Девушка посторонилась, пропуская его в квартиру.
– Нино, тут товарищ чаю хочет. Думает, здесь чайхана.
Ну, дела-аа… А она не так проста, эта рыжая.
– Маау, – сказали откуда-то сверху. Надо полагать, ответили за Нину, которая не подавала голоса.
На Данилу смотрели две пары глаз: льдисто-серые и янтарные. Все четыре глаза были искусно подведены чёрным.
– А вы зачем кошке глаза накрасили?
В ответ возмущённо фыркнули, Данила не разобрал, кто из них. Откуда-то появилась Нина, в милом домашнем халатике, не закрывающем голых коленок. У Данилы перехватило дыхание.
– Ой, я забыла совсем. Я сейчас, оденусь только. Софико, это Данила он у меня кредит оформлял. Данила, это Софико, моя… сестра.
– Поедем втроём?
– Нет, вы езжайте, а я останусь дома. Мне не очень хорошо.
– Болеете?
– Нет, не болею. Я поправилась… почти. Нина меня вылечила. Она умеет лечить. – улыбнулась девушка, и у Данилы опять перехватило дыхание. Жаль, что нельзя иметь двух жён, он бы женился на обеих. А теперь одну придётся уступить.
– Держите, – Данила впихнул ей в руки коробку с тортом. – Это чтобы вам скучно не было. В морозилку поставьте, это торт-мороженое. Вечером вдвоём его съедите.
– Втроём. Эби тоже любит мороженое, – Нина погладила кошку по рыже-коричневой шубке.
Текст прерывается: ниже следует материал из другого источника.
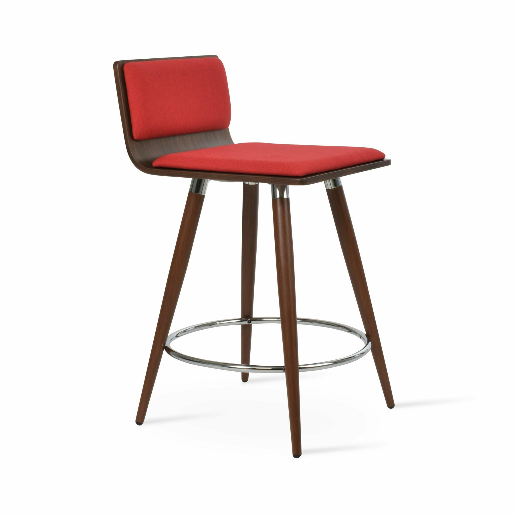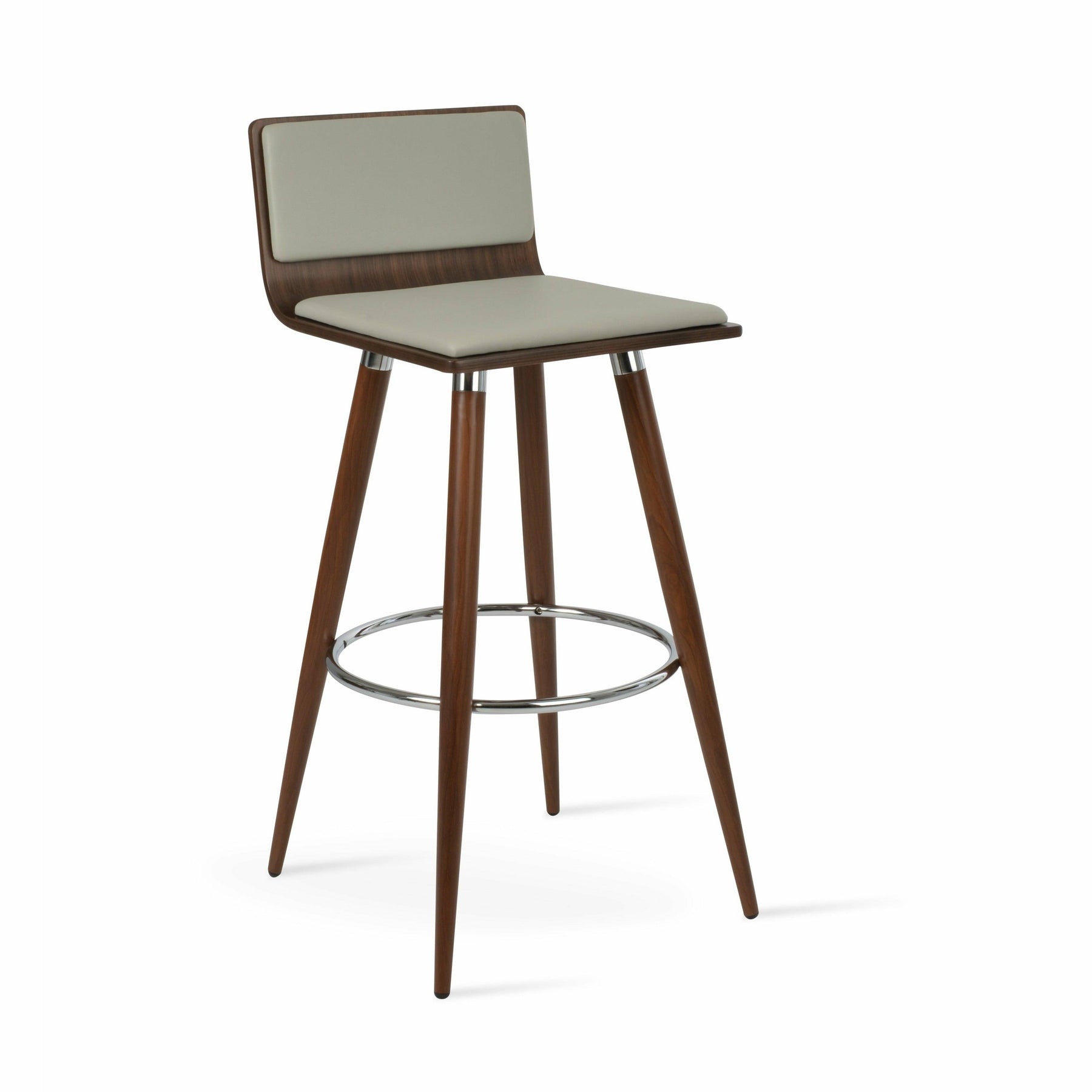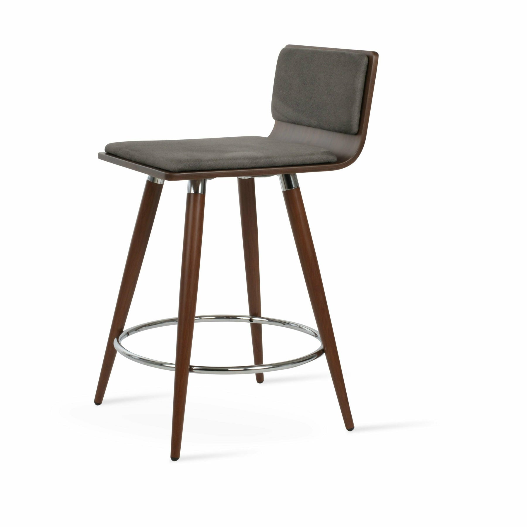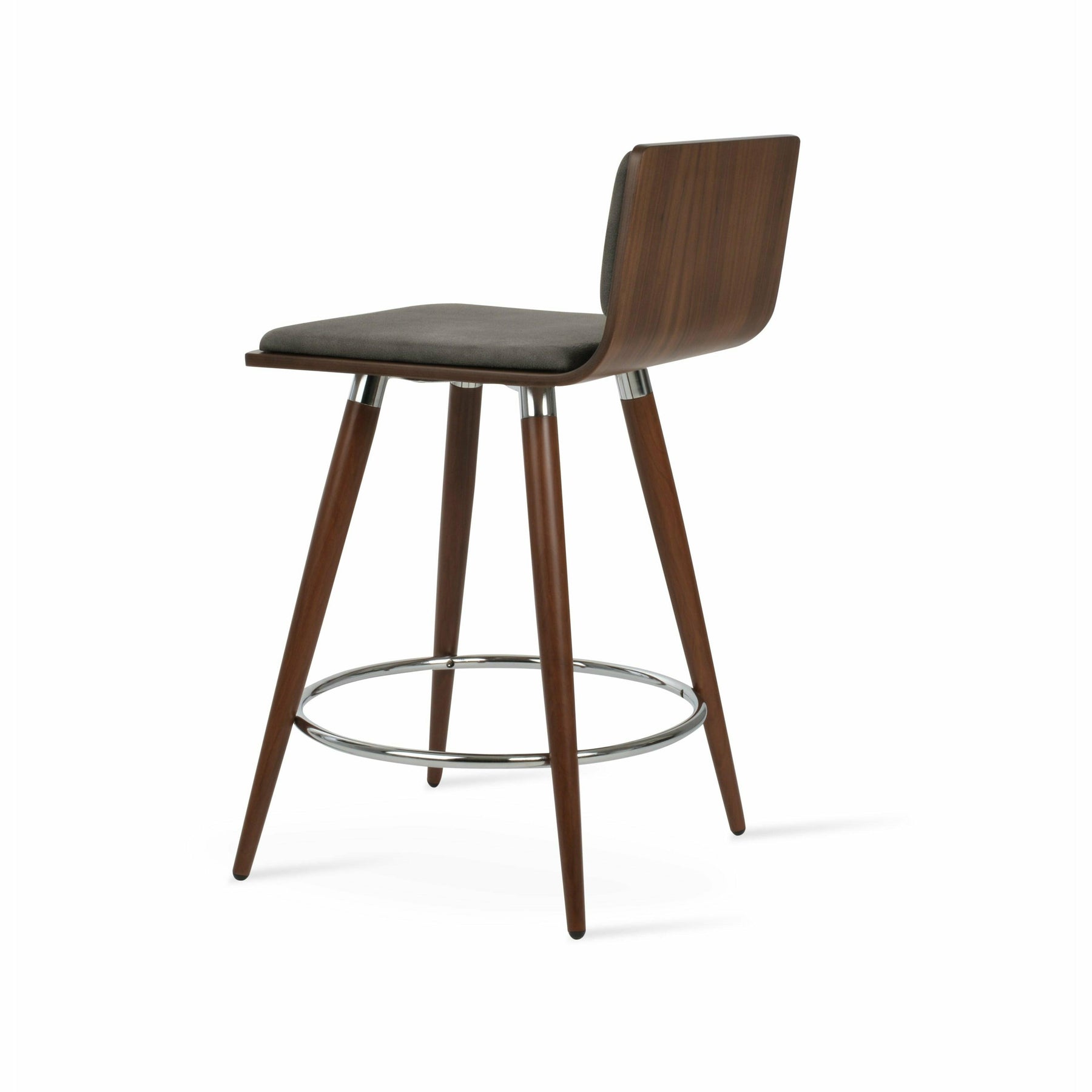 Corona Ana is a contemporary stool with a comfortable upholstered seat and backrest on steel legs available in black powder with gold bracelets and footrest, and walnut veneer with stainless steel brushed bracelets and footrest. The stool is suitable for both residential and commercial use. Corona Ana Stool is designed by Namik Ozkaynak.

Софико смотрела в окно, и ей было необыкновенно хорошо. «Лексус» цвета взбитых сливок увозил её названную сестру, надо думать, с женихом. Вечером обещал привезти обратно. Вечером у них будет торт… Она не помнила, когда последний раз ела торт. Года три назад, кажется. Эби требовательно муркнула и потёрлась о коробку. Зачем ждать? Они с Эби съедят по кусочку, только сначала мороженое должно растаять: Эби не любит холодного, а у Софико ещё не прошло больное горло.
* * *
С предложением Данила медлить не стал, характер у избранницы не ах, и надо пользоваться моментом. Неизвестно, что она скажет завтра, а сегодня «момент настал, прими «гастал». Кажется, он так и сказал. И ещё что-то говорил, стараясь, чтобы после «гастала» предложение звучало убедительно (не удержался от хохмы, он же врач всё-таки). Нина не удивилась, молча кивнула и отвернулась к окну.
– Так я не понял, ты согласилась или нет? Хмуришься, и брови свела. – Данила провёл пальцем по её бровям, длинным и мягким, как шёлк. Чёрт! Держись, мужик, возьми себя в руки и держись. – Думаешь о чём-то неприятном?
– Думаю, как там Софико. Она очень сильно простудилась. Ты когда звонил, у неё температура сорок градусов была. Хорошо, что у меня три выходных, а то пришлось бы брать дни в счёт отпуска.
– Что ж не сказала? Я же вра… я бы врача привёз. А я всё понять не мог, за что ты меня так приложила.
– А я приложила? Да ну. Это ты ещё не знаешь, как я приложить могу.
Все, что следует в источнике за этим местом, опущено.